Original post below:
This is more of a report on some initial findings I’ve had with a bit of a perplexing issue I’ve been experiencing, and may be of some value to other people.
I have a fairly old system - a first gen Threadripper 1950x in a Zenith Extreme motherboard, and have been running it in a VFIO configuration for quite some time, with one GPU for a Linux VM and a second GPU for a Windows VM. While there were some problems initially, the system has generally been fairly robust.
Lately I’ve been planning a major system change, and with the release of the RTX 4090 in October I decided to buy one as the first major upgrade, even though it’s severely bottlenecked until I upgrade the rest of my system.
Things seemed to be fine, initially. Then I made some changes to the system, including replacing the power supply, updating the BIOS, playing with some new USB controllers etc. At the same time I’ve been doing further experimentation with PCIe bifurcation and an M.2 eGPU (ADT-Link), so there’s quite a few variables at play here.
Afterwards I started noticing some odd behavior.
-
I could no longer reboot my Windows 10 VM without encountering what appeared to be a reset bug. The whole GPU (RTX 4090) would essentially ‘fall off’ the bus, no longer correctly report in lspci (don’t recall the error code, I’ll take a screencap once the opportunity arises again). Forcing the VM to shut off and attempting to boot it again would yield “Unknown PCI header type ‘127’”, only a full host reboot would bring it back up again. My other GPU, a Quadro M2000 on my Linux VM, continued to function fine. This card (RTX 4090) is on the bottom slot of the board due to its ridiculous size, as I’m using ~every other slot in the system I can’t obstruct them. This limits the card to a maximum of x8 PCIe 3.0, unfortunately.
-
Increased count of PCIe link errors, all corrected, but only on one PCIe link. This was occurring on the link to my eGPU that I was messing around with, so I figured I just had some connection issue or I was abusing the max signaling length far too much. (It’s a ridiculous setup - I have a M.2 extender + the eGPU’s M.2 cable, the full length is quite long, so this didn’t seem to be a major shock to me.) This link also came from the primary PCIe x16 slot, which I had bifurcated with a Hyper M.2 card (lol).
-
Yesterday (and it’s been weeks since I started encountering these issues, but just haven’t had time to deal with them due to working very long hours) I decided to try and address some of these issues.

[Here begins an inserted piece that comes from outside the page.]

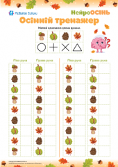 Тематична добірка завдань для дітей від 6 років спрямована на поглиблення знань про осінь та особливості цієї пори року, допоможе вивчати назви осінніх місяців, тренуватиме уяву, мислення, пам’ять і креативність. Виконуючи завдання робочого зошита, малюки працюватимуть із нейровправами, гратимуть у настільні ігри, лічитимуть, створюватимуть аплікацію, виконуватимуть графічні диктанти, читатимуть, писатимуть, малюватимуть, розмальовуватимуть по цифрах, гратимуть у шукалку, дізнаватимуться цікаві факти, розв’язуватимуть анаграми. Така діяльність допоможе дітям учитися вирізняти особливості осені як пори року. Діти збагачуватимуть словниковий запас лексикою про осінь, закріплюватимуть назви осінніх місяців, опановуватимуть елементарні математичні уявлення, тренуватимуть навички орієнтування на папері та в навколишньому середовищі, розвиватимуть зорово-рухову координацію, удосконалюватимуть уміння узагальнювати й систематизувати знання. Також малеча опановуватиме вміння міркувати логічно, читатиме слова і словосполучення, розвиватиме міжпівкульну взаємодію, навчатиметься писати, збагачуватиме сенсорний досвід, покращуватиме зорову пам’ять, кмітливість та інтелектуальні здібності. Пропонована добірка завдань сприятиме формуванню в дитини старшого дошкільного і молодшого шкільного віку любові до довкілля та навчання, стане основою корисного дозвілля. Додатково радимо завантажити Осінь: картки Домана, Осінній декор та Осінні букви: шаблони для оформлення та декорування.

I took a look at lspci on the RTX 4090 again. This time I noticed it’s only negotiated to PCIe x4. I rebooted into the BIOS, and there, too, it only listed as PCIe x4. This slot can be configured to operate in x4, and I figured it may be some issue with the BIOS not respecting my preference for x8 (and thus disabling the U.2 port), so I decided to revert to an older BIOS. No dice, same problem. Clearing BIOS settings didn’t help, either.
The apparent culprit.
As I’m sure many of you know, when the RTX 4090 came out there were a lot of concerns about the 12VHPWR cable. I was concerned as well, but my bigger concern was that I couldn’t close the side panel on my case without pressing down on the cable quite a bit, so I had the system running with the side panel off. Additionally, I’ve been running a Rosewill Hercules 1600W power supply for about 8 years now. It’s quite old and there’s presumably zero chance I could get a better 12VHPWR cable for it. I found out that Seasonic was shipping free 12VHPWR cables for those who owned Seasonic units, and I found a Seasonic GX-1300 unit on Newegg for a very decent price and decided to order one.

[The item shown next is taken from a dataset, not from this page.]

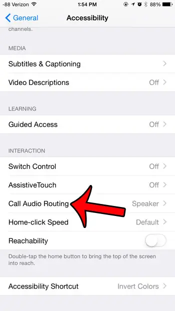 第 4 步:向下滚动并选择呼叫音频路由下的选项相互作用此菜单的部分。

Eventually I got the power supply and the 12VHPWR cable and I was able to replace the old Rosewill Hercules, and although it didn’t seem clear at the time (because of the many other changes I’ve made to my system), it seems like this is when my problems began.
Last night I ad-hoc connected my old 1600W unit to my system, 12VHPWR adapter and all. The system appears to be completely stable. I’m not getting any link errors on the eGPU despite the ridiculous cable length, the RTX 4090 is linking at x8 width, and the GPU reset problem has vanished.
I haven’t yet tried swapping back to the Seasonic GX-1300 to ensure this is 100% the cause, but I’m fairly certain it is.
Has anyone here experienced anything like this before?
TL;DR:
Switching from a Rosewill Hercules 1600W power supply to a Seasonic GX-1300 appears to be resonsible for a GPU failing to negotiate full link width, PCIe errors on an external GPU, and GPU reset failure when rebooting a VM.
UPDATE:
All of my conclusions were wrong, see follow up message.
Conclusion: (I’ll update this as I go)
If the graphics card is not properly seated, the card may no longer correctly reset when the VM is rebooted, even though it otherwise appears to work correctly. This is additionally different from a card that is properly seated, but explicitly set to operate at a reduced link width.
Example:
Scenario 1: Slot configured to x8 in BIOS, card improperly seated running at x4, fails to reset on VM reboot.
Scenario 2: Slot configured to x4 in BIOS, card properly seated running at x4, succeeds in reset on VM reboot.
Now I have more questions…